Closed kitchenprinzessin3880 closed 2 years ago
This issue has been automatically marked as stale because it has not had recent activity.
@kitchenprinzessin3880 I'm not sure I understand the property described in your example. Is it depth to sediment/rock interface, like 'depth to bedrock'? Something like 'soil depth'?
It seems to me that the propertyID on the PropertyValue is intended for this use, providing a registered identifier for a property. See https://github.com/ESIPFed/science-on-schema.org/issues/24. I would update @ashepherd 's example in https://github.com/ESIPFed/science-on-schema.org/blob/master/guides/Dataset.md#variables like this:
"variableMeasured": [
{
"@type": "PropertyValue",
"name": "latitude",
"PropertyID": "gsn-quantity:latitude",
"url": "https://www.sample-data-repository.org/dataset-parameter/665787",
"description": "Latitude where water samples were collected; north is positive.",
"unitText": "decimal degrees",
"minValue": "45.0",
"maxValue": "15.0"
},
And your example:
"variableMeasured": [
{
"@type": "PropertyValue",
"name": "DEPTH,sediment/rock",
"propertyID":"http://purl.jp/bio/4/id/201006028017141570",
"description":"depth to interface between soil and underlying sediment or rock",
"unitCode":"MTR"
}
In general this looks good, and I like the use of PropertyValue
, I think we could provide more guidance on how to consistently represent units. @mpsaloha, thoughts on this structure? See also the current guidance docs on this.
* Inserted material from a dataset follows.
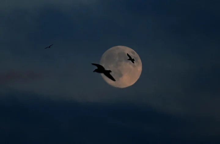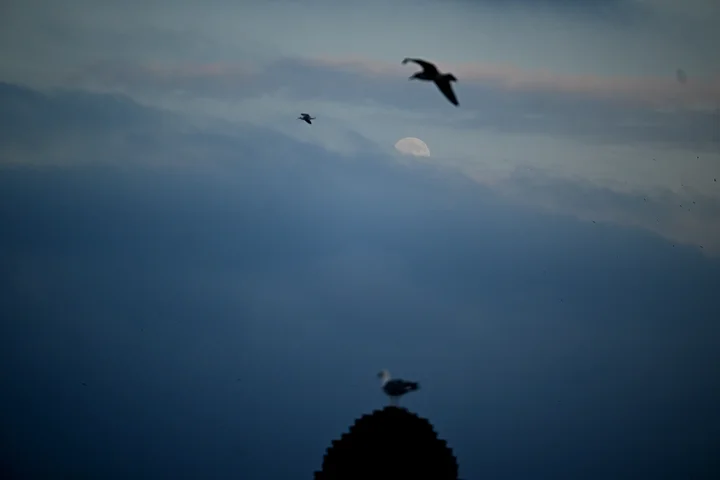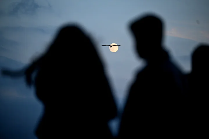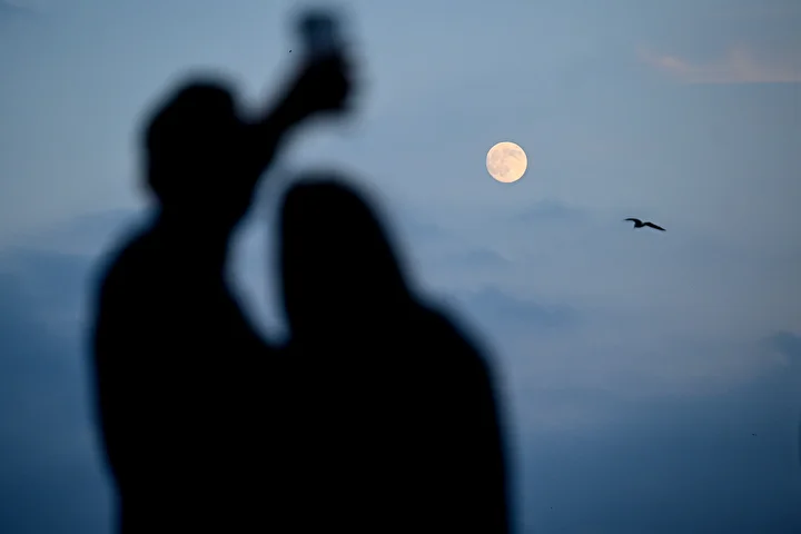 İstanbul’da akşam saatlerinde beliren dolunay, güzel görüntü oluşturdu.
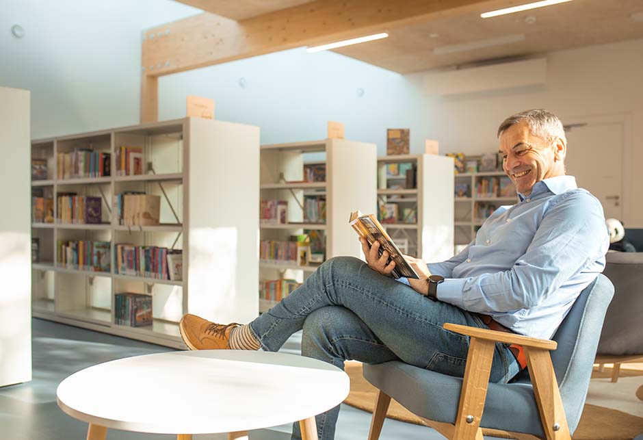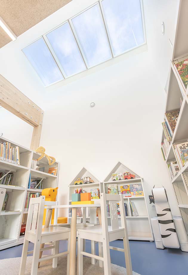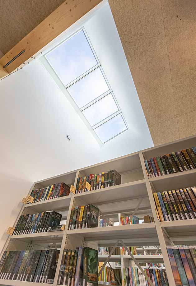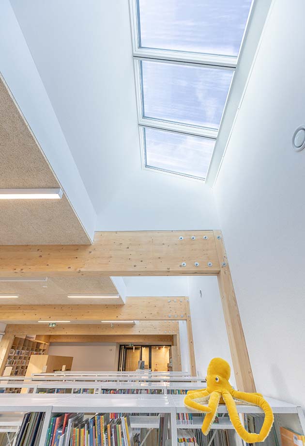 Um möglichst viel Tageslicht in die Innenräume zu bringen, wurde ein aus 12 Modular Skylights Modulen bestehendes Lichtband installiert – darunter zwei Elemente für die tägliche Lüftung. Die Oberlichter befinden sich im Bereich der Kinderbibliothek und sorgen dort für eine konstante Versorgung mit frischer Luft und natürlichem Licht. So entsteht eine helle, freundliche Atmosphäre, die zum Lesen, Spielen und Entspannen einlädt – und den Raum für die jüngsten Nutzerinnen und Nutzer lebendig macht.

Monitor https://github.com/EnvironmentOntology/envo/issues/909 for using observed properties linked to ENVO in schema.org
@smrgeoinfo A 'measured variable' is an unstructured text, may be composed of primarily observed property (or a physical quantity) and other concepts such as feature-of-interest, units, aggregate functions (e.g., average and maximum), method,device, location, and time. Examples of parameters are ‘Methane, daily formation rateper unit sediment mass’, ‘Practical salinity of the water body by CTD and computation using UNESCO 1983 algorithm’.
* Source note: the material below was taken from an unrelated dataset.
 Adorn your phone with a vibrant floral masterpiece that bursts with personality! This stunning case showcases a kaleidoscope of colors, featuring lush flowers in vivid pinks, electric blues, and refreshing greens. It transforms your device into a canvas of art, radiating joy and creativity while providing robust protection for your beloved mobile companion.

I'd say a 'measured variable' a concept that can be described in unstructured text, or in some structured data object. In the examples above, couldn't the propertyID identify things ranging from 'temperature' (very generic), to the more specific phenomena/feature of interest/measurement procedure variable concepts like in your examples above.
sosa:hasFeatureOfInterest
is more related to sdo:object
.
FWIW I did a rough alignment of SSN/SOSA to schema.org a couple of years ago - see https://github.com/w3c/sdw/blob/gh-pages/ssn/rdf/sosa-sdo-mapping.ttl
Also a bit of a proposal for additions to SDO here: https://w3c.github.io/sdw/ssn/rdf/sdo-sosa-schema.rdfa.html
Unfinished business, but the proposed alignment might be of interest here.
Here is an example how we are using it for contributions at the Magnetics Information Consortium (MagIC) data repository. These are from an automatic summary of the dataset. I see now that we should be able to easily add unitText values and, with a bit of work, unitCode values. The name and description values come straight from our controlled vocab lists.
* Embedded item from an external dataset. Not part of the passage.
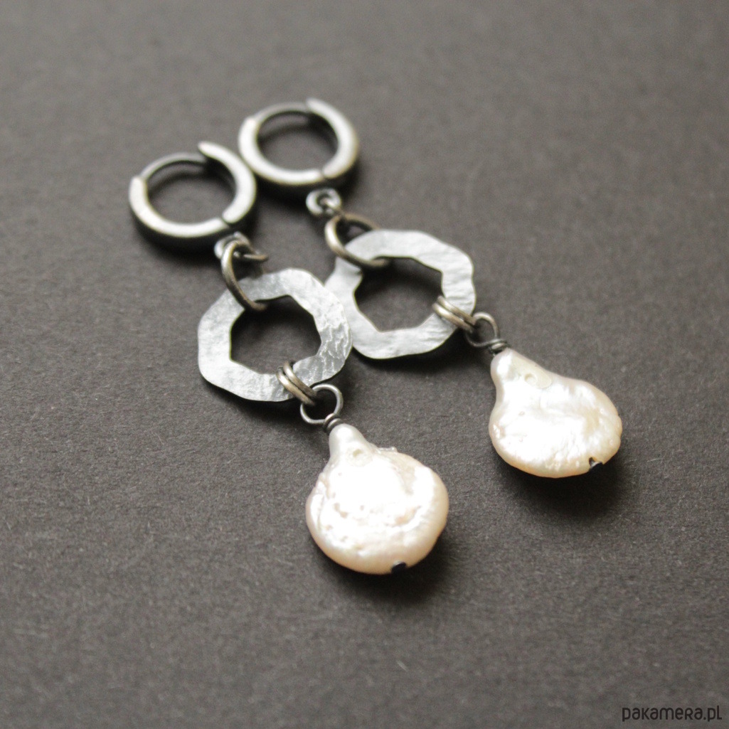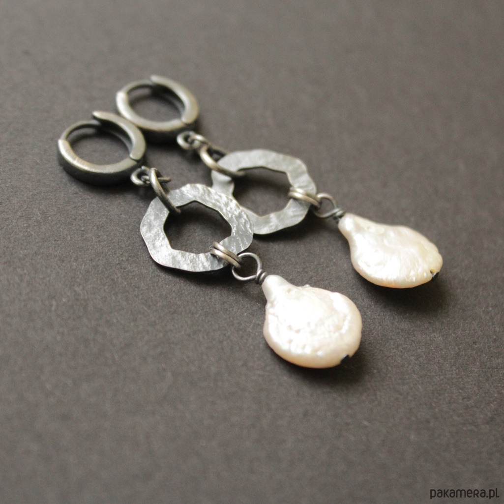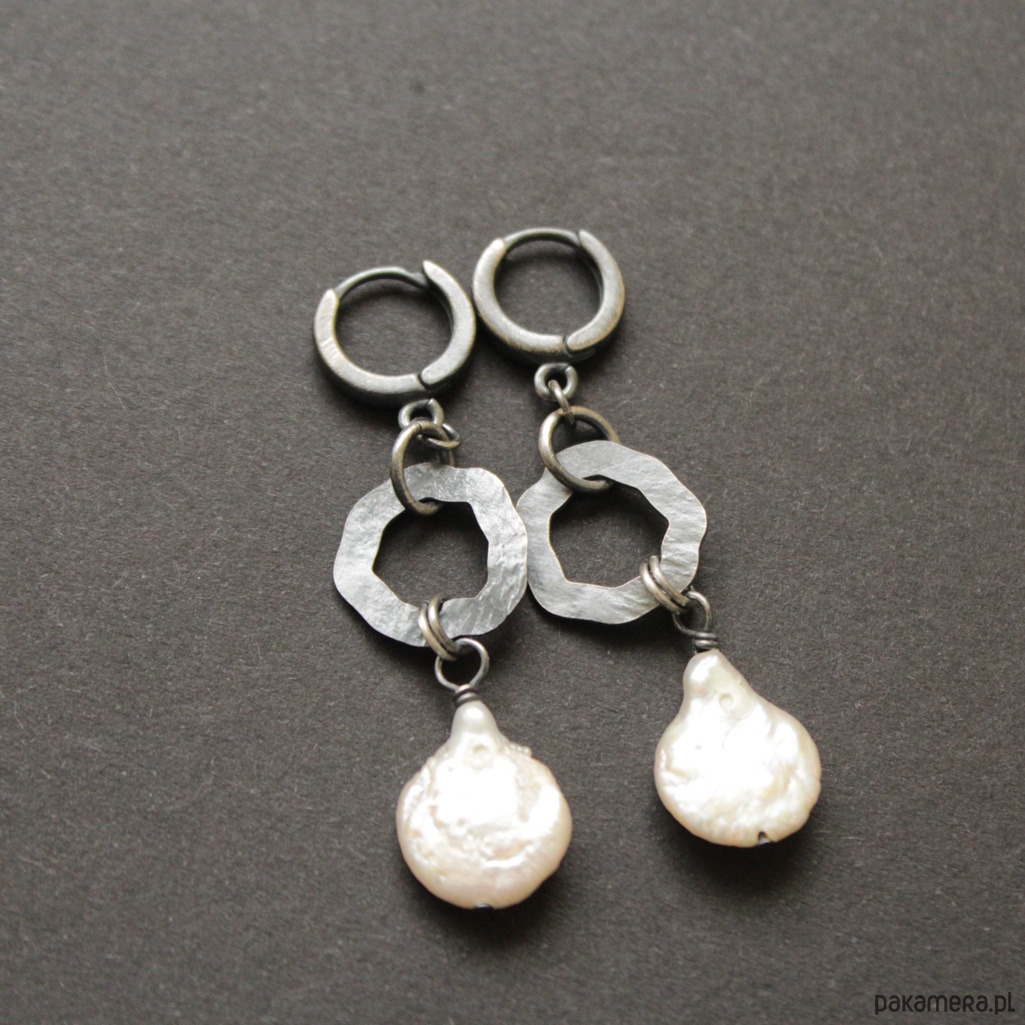 Kolczyki wykonane zostały z mocno oksydowanego srebra próby 925 oraz hodowlanych perełek wielkości 1,6 cm.
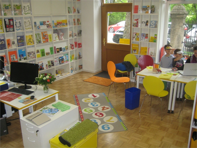 Die KIDS-online-Reporterinnen Leni, Christina und Johanna und die KIDS-online-Reporter Leonard, Quirin, Robinson und Yanick haben sich heute den neuen Kinderinfoladen in der Albrechtstraße GANZ genau

"variableMeasured": [ { "@type": "PropertyValue", "name": "Direction MAD Free-Floating", "description": "Maximum Angular Deviation (MAD) of the free-floating directional PCA fits to the paleomagnetic vector", "minValue": 0.12366669, "maxValue": 26.6 }, { "@type": "PropertyValue", "name": "Latitude", "description": "Sample geographic location, Latitude", "minValue": 76.52167, "maxValue": 77.58917 }, { "@type": "PropertyValue", "name": "Inclination", "description": "Directions in specimen coordinates, Inclination", "minValue": -58.6, "maxValue": 89.95675754 }, { "@type": "PropertyValue", "name": "ARM Normalized Relative Paleointensity", "description": "Relative field strength estimated with NRM normalized by laboratory ARM", "minValue": 0.02678768, "maxValue": 1 }, { "@type": "PropertyValue", "name": "Susceptibility Normalized Relative Paleointensity", "description": "Relative field strength estimated with NRM normalized by susceptibility", "minValue": 0.030325174, "maxValue": 185.4786585 }, { "@type": "PropertyValue", "name": "Magnetization Volume", "description": "Measured intensity of magnetization, Volume normalized", "minValue": 0.0020875, "maxValue": 0.36771 }, { "@type": "PropertyValue", "name": "Susceptibility X Volume", "description": "Magnetic susceptibility, Volume normalized", "minValue": 0.000133748, "maxValue": 0.004453333 },
So what are the outstanding issues here?
@ashepherd
Monitor EnvironmentOntology/envo#909 for using observed properties linked to ENVO in schema.org
This issue wasn't about schema.org per se, it was about where should OBO entity-quality pairings, e.g. concentration of chlorophyll a in liquid water be housed. We ended up deciding to make them in ENVO.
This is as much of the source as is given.